> Source material
[Start of Attachment]

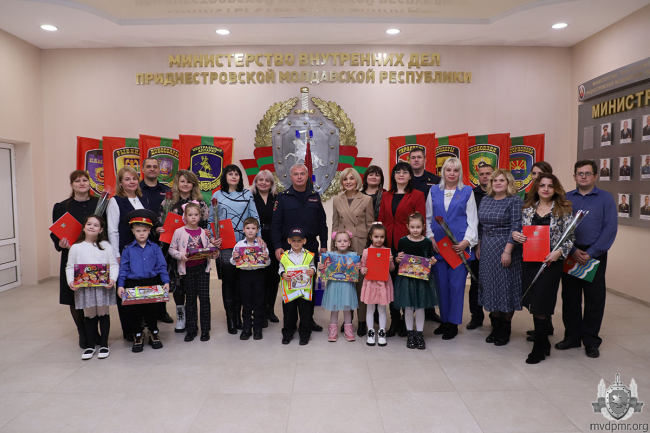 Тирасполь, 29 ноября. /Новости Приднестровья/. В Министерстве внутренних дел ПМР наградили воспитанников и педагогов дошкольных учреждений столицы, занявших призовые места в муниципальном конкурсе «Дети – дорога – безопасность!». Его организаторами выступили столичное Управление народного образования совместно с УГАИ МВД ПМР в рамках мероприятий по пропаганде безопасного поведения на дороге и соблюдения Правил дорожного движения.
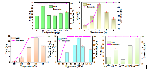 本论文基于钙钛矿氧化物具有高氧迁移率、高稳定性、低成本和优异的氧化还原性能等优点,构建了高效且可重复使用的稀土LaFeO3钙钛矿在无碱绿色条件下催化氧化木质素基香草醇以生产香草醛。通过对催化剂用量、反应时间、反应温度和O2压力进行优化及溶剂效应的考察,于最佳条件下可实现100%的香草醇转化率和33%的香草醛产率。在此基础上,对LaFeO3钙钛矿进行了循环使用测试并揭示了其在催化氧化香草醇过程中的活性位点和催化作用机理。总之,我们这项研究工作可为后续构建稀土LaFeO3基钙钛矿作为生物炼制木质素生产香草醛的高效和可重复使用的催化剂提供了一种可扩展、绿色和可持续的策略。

[End of Attachment]
[Start of Attachment]

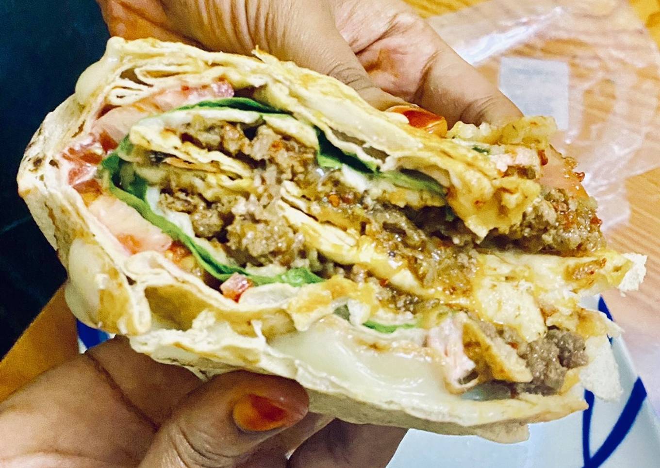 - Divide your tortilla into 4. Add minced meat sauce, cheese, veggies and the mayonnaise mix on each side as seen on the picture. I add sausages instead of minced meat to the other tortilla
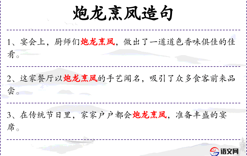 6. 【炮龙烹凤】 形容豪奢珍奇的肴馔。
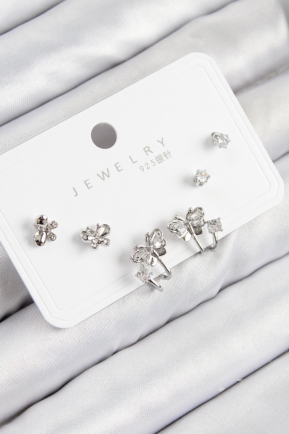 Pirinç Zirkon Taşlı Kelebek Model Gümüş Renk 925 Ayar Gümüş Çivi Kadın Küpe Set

[End of Attachment]
[Start of Attachment]

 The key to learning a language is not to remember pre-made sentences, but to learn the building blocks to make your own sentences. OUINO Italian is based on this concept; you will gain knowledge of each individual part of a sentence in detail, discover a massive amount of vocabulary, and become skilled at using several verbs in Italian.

[End of Attachment]

Reproduce the listing above from the line that holds "6. 【炮龙烹凤】 形容豪奢珍奇的肴馔。" through the line that holds "Pirinç Zirkon Taşlı", both included, with the pictures left out.

> Written answer
 6. 【炮龙烹凤】 形容豪奢珍奇的肴馔。
 Pirinç Zirkon Taşlı Kelebek Model Gümüş Renk 925 Ayar Gümüş Çivi Kadın Küpe Set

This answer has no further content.